The word gave her the faintest glimmering of hope, for she knew that Peter and I had lived at St Anton. She tried to look out of the blurred window, but could see nothing except that the twilight was falling. She begged for the road-map, and saw that so far as she could make out they were still in the broad Grunewald valley and that to reach St Anton they had to cross the low pass from the Staubthal. The snow was still drifting thick and the car crawled.
Then she felt the rise as they mounted to the pass. Here the going was bad, very different from the dry frost in which I had covered the same road the night before. Moreover, there seemed to be curious obstacles. Some careless wood-cart had dropped logs on the highway, and more than once both Ivery and the chauffeur had to get out to shift them. In one place there had been a small landslide which left little room to pass, and Mary had to descend and cross on foot while the driver took the car over alone. Ivery's temper seemed to be souring. To the girl's relief he resumed the outside seat, where he was engaged in constant argument with the chauffeur.
At the head of the pass stands an inn, the comfortable hostelry of Herr Kronig, well known to all who clamber among the lesser peaks of the Staubthal. There in the middle of the way stood a man with a lantern.
'The road is blocked by a snowfall,' he cried. 'They are clearing it now.

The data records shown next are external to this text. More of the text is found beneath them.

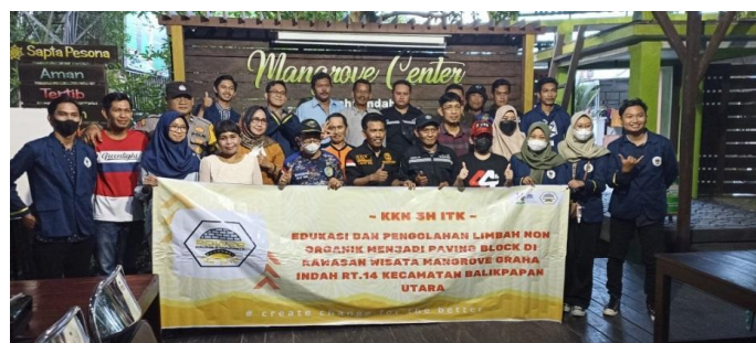
Gambar 6. Penutupan Kegiatan Sosialisasi

Sosialisasi dilakukan setelah alat pelebur plastik dan uji coba pembuatan paving block selesai dilaksanakan. Tema yang diangkat pada kegiatan sosialisasi ini adalah isu lingkungan khususnya masalah sampah plastik serta cara pembuatan paving blok . Kegiatan ini dihadiri oleh mitra dan komunitas dari Program Kampung Iklim Balikpapan (PROKLIM). Dokumentasi kegiatan sosialisasi dapat dilihat pada Gambar 5 dan 6. Edukasi ini diharapkan dapat menjadi salah satu Langkah untuk menggerakkan Masyarakat sekitar wilayah mangrove untuk lebih peduli terhadap lingkungan, serta juga dapat meningkatkan kesadaran pengunjung akan pentingnya menjaga kelestarian lingkungan dengan tidak membuang sampah sembarangan terutama di area Wisata Mangrove Balikpapan.
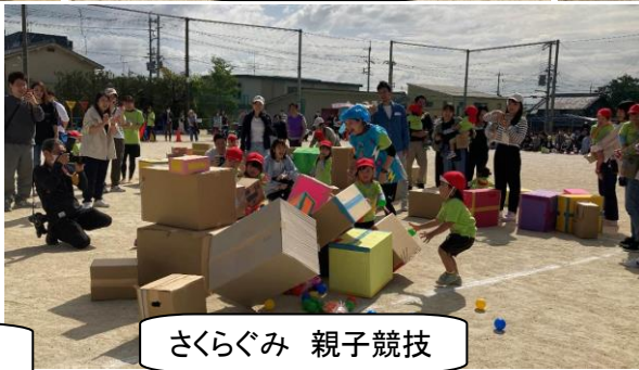
さくらぐみ 親子競技
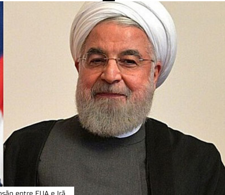
Trump e Rouhani: ao longo de 2019, disputas que aumentaram a tensão entre EUA e Irã

Estados Unidos e Irã estão próximos de firmar um acordo para encerrar o conflito no Oriente Médio. A informação foi divulgada por um alto funcionário do governo do Paquistão, que atua como mediador nas negociações entre os dois países.
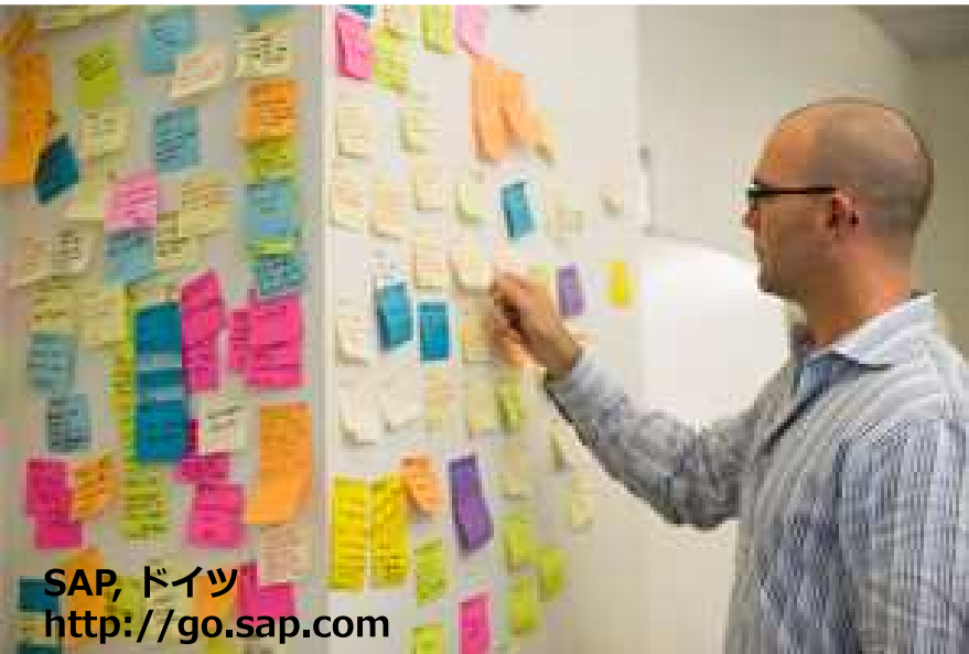
SAP, ドイツ http://go.sap.com
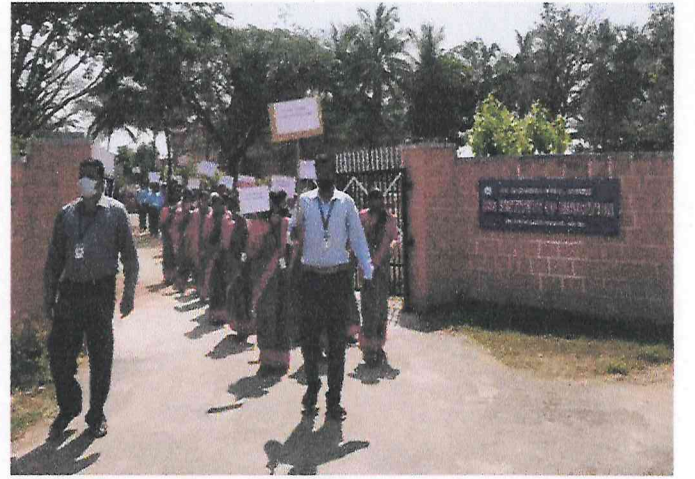
Start of Covid-19 Awareness Jatha, 27-03-2021
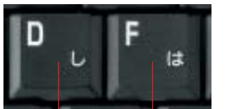
キーピッチ18mm(実物大)

It will be ready in half an hour's time.'
Ivery sprang from his seat and darted into the hotel. His business was to speed up the clearing party, and Herr Kronig himself accompanied him to the scene of the catastrophe. Mary sat still, for she had suddenly become possessed of an idea. She drove it from her as foolishness, but it kept returning. Why had those tree-trunks been spilt on the road? Why had an easy pass after a moderate snowfall been suddenly closed?
A man came out of the inn-yard and spoke to the chauffeur. It seemed to be an offer of refreshment, for the latter left his seat and disappeared inside. He was away for some time and returned shivering and grumbling at the weather, with the collar of his greatcoat turned up around his ears. A lantern had been hung in the porch and as he passed Mary saw the man. She had been watching the back of his head idly during the long drive, and had observed that it was of the round bullet type, with no nape to the neck, which is common in the Fatherland. Now she could not see his neck for the coat collar, but she could have sworn that the head was a different shape. The man seemed to suffer acutely from the cold, for he buttoned the collar round his chin and pulled his cap far over his brows.
Ivery came back, followed by a dragging line of men with spades and lanterns. He flung himself into the front seat and nodded to the driver to start. The man had his engine going already so as to lose no time. He bumped over the rough debris of the snowfall and then fairly let the car hum. Ivery was anxious for speed, but he did not want his neck broken and he yelled out to take care. The driver nodded and slowed down, but presently he had got up speed again.
If Ivery was restless, Mary was worse. She seemed suddenly to have come on the traces of her friends. In the St Anton valley the snow had stopped and she let down the window for air, for she was choking with suspense. The car rushed past the station, down the hill by Peter's cottage, through the village, and along the lake shore to the Pink Chalet.
Ivery halted it at the gate. 'See that you fill up with petrol,' he told the man. 'Bid Gustav get the Daimler and be ready to follow in half in hour.'
He spoke to Mary through the open window.
'I will keep you only a very little time. I think you had better wait in the car, for it will be more comfortable than a dismantled house.
A servant will bring you food and more rugs for the night journey.'
Then he vanished up the dark avenue.
Mary's first thought was to slip out and get back to the village and there to find someone who knew me or could take her where Peter lived. But the driver would prevent her, for he had been left behind on guard. She looked anxiously at his back, for he alone stood between her and liberty.
That gentleman seemed to be intent on his own business. As soon as Ivery's footsteps had grown faint, he had backed the car into the entrance, and turned it so that it faced towards St Anton.
Then very slowly it began to move.
At the same moment a whistle was blown shrilly three times.
The door on the right had opened and someone who had been waiting in the shadows climbed painfully in. Mary saw that it was a little man and that he was a cripple. She reached a hand to help him, and he fell on to the cushions beside her. The car was gathering speed.
Before she realized what was happening the new-comer had taken her hand and was patting it.
About two minutes later I was entering the gate of the Pink Chalet.